What needs to be done: Copy every entry verbatim and skip the pictures.

- - - - - - -

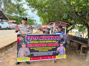 Tribratanews.kalteng.polri.go.id-Kapuas Hulu-Dalam upaya meningkatkan pencegahan dan penanggulangan penyalahgunaan narkoba, personel Polsek Kapuas Hulu Polres Kapuas jajaran Polda Kalteng Aipda Simpang L. S. Purba dan Bripda Wayan Aditya rutin melaksanakan imbauan melalui media spanduk bertuliskan “Stop Narkoba” di beberapa lokasi yang dianggap rawan tindak pidana narkoba. Bertempat di Desa Sei Hanyo Kecamatan Kapuas Hulu Kapuas Hulu Kabupaten Kapuas Provinsi Kalimantan Tengah, Sabtu (18/04/2026) pukul 14.50 WIB
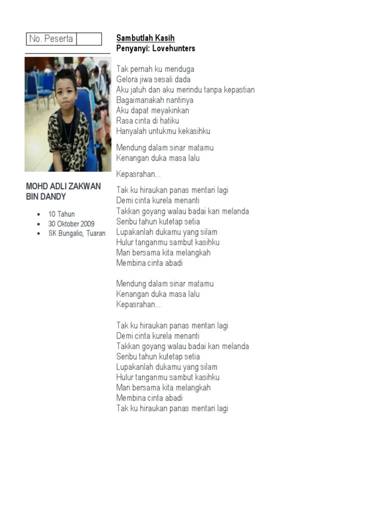 Lyrics for sambutlah kasihku by love hunters. Tak pernah ku menduga gelora jiwa sesali dada aku jatuh dan aku merindu tanpa kepastian bagaiman. Gelora jiwa sesal di dada. Aku jatuh dan aku merindu tanpa kepastian.
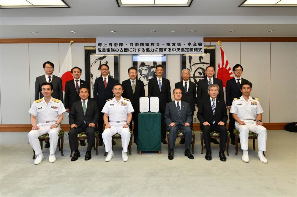 令和元年6月3日(月) 防衛省海上幕僚監部応接室にて海上自衛隊との「隊員家族の支援に対する協力に関する協定」の中央協定締結式が行われ、山村浩海上幕僚長、伊藤康成自衛隊家族会会長、先崎一隊友会理事長及び赤星慶治水交会理事長がそれぞれ協定書に署名押印した。
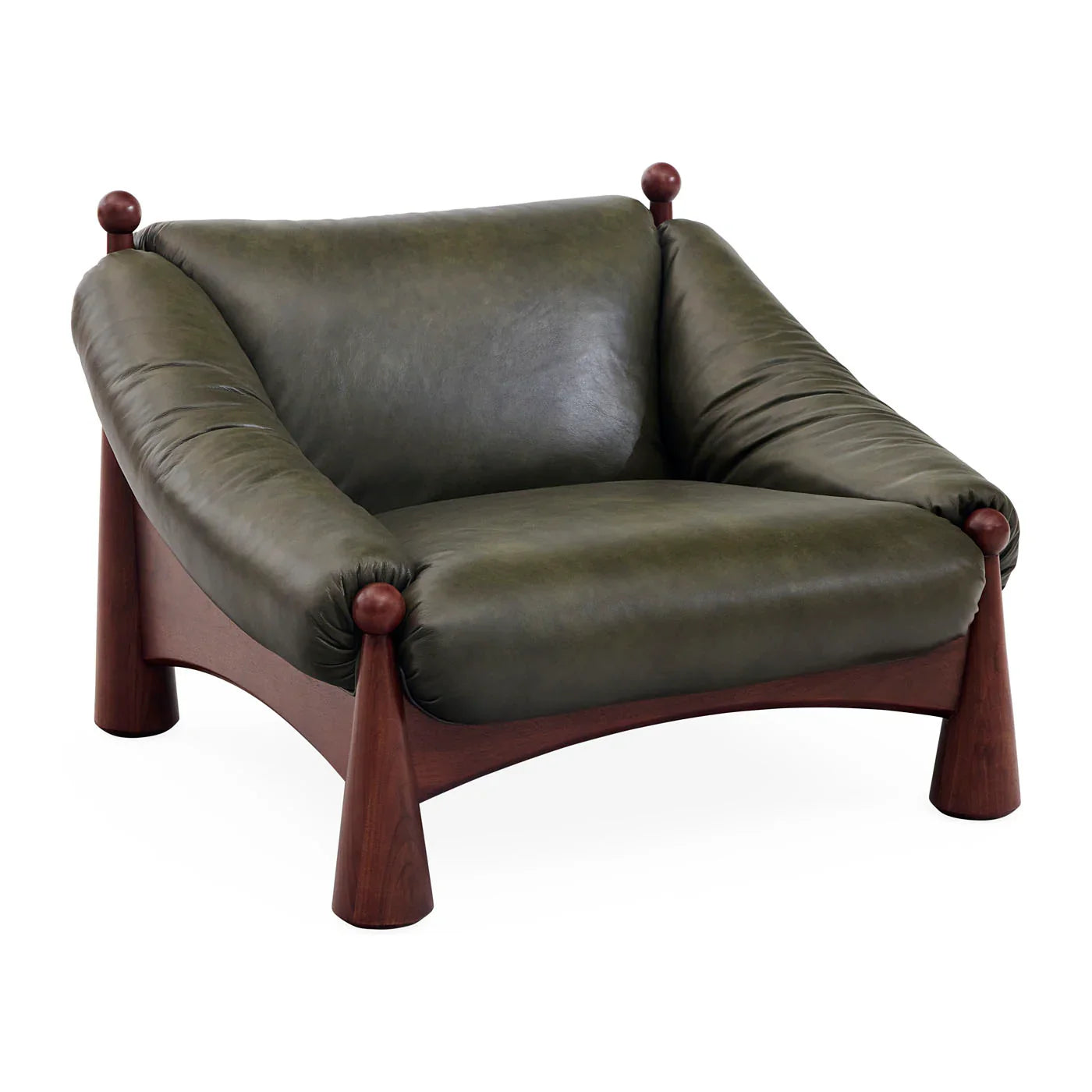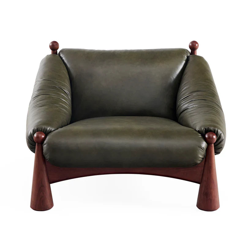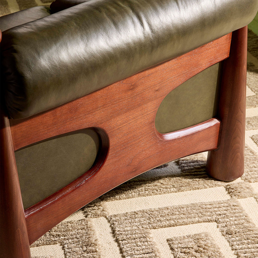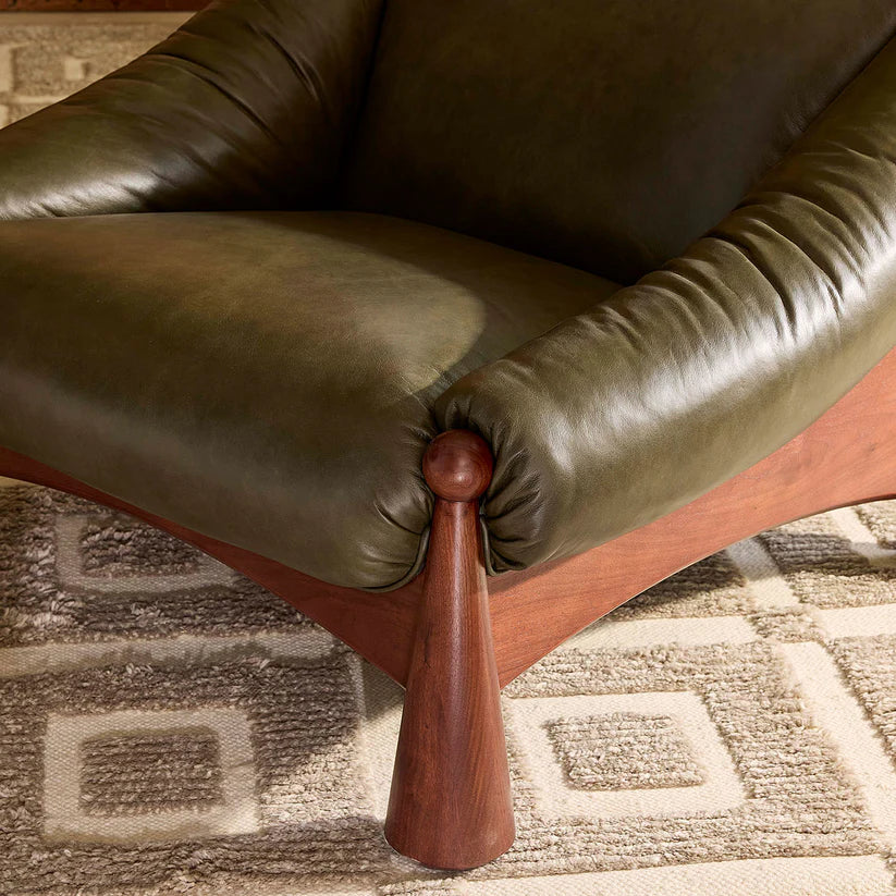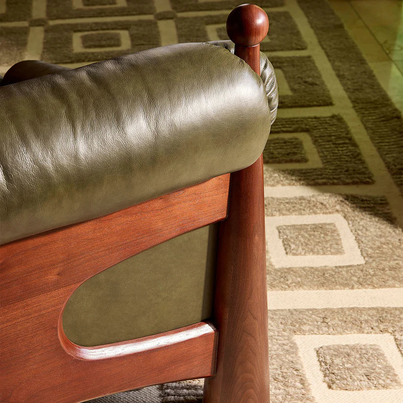 Ipanema Lounge Chair - Olive Leather/Walnut | Jonathan Adler - 35664
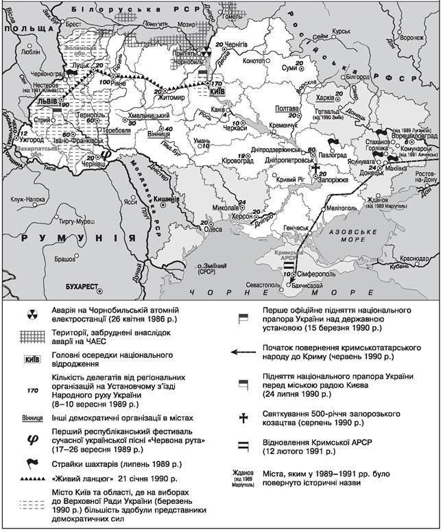 - Пробудження національного самоусвідомлення населення основної частини радянської України під впливом кількох років політики гласності.
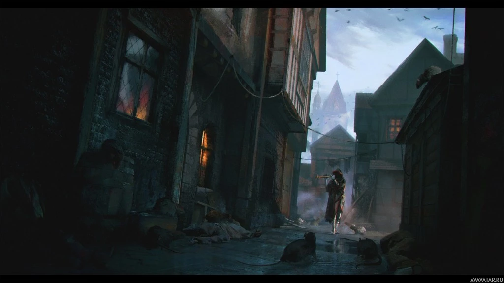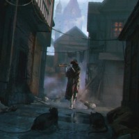 a narrow alleyway with buildings on either side, which could be indicative of the time period being portrayed. There are characters interacting within this environment, and the overall atmosphere suggests

- - - - - - -

Result of this exercise:
 Tribratanews.kalteng.polri.go.id-Kapuas Hulu-Dalam upaya meningkatkan pencegahan dan penanggulangan penyalahgunaan narkoba, personel Polsek Kapuas Hulu Polres Kapuas jajaran Polda Kalteng Aipda Simpang L. S. Purba dan Bripda Wayan Aditya rutin melaksanakan imbauan melalui media spanduk bertuliskan “Stop Narkoba” di beberapa lokasi yang dianggap rawan tindak pidana narkoba. Bertempat di Desa Sei Hanyo Kecamatan Kapuas Hulu Kapuas Hulu Kabupaten Kapuas Provinsi Kalimantan Tengah, Sabtu (18/04/2026) pukul 14.50 WIB
 Lyrics for sambutlah kasihku by love hunters. Tak pernah ku menduga gelora jiwa sesali dada aku jatuh dan aku merindu tanpa kepastian bagaiman. Gelora jiwa sesal di dada. Aku jatuh dan aku merindu tanpa kepastian.
 令和元年6月3日(月) 防衛省海上幕僚監部応接室にて海上自衛隊との「隊員家族の支援に対する協力に関する協定」の中央協定締結式が行われ、山村浩海上幕僚長、伊藤康成自衛隊家族会会長、先崎一隊友会理事長及び赤星慶治水交会理事長がそれぞれ協定書に署名押印した。
 Ipanema Lounge Chair - Olive Leather/Walnut | Jonathan Adler - 35664
 - Пробудження національного самоусвідомлення населення основної частини радянської України під впливом кількох років політики гласності.
 a narrow alleyway with buildings on either side, which could be indicative of the time period being portrayed. There are characters interacting within this environment, and the overall atmosphere suggests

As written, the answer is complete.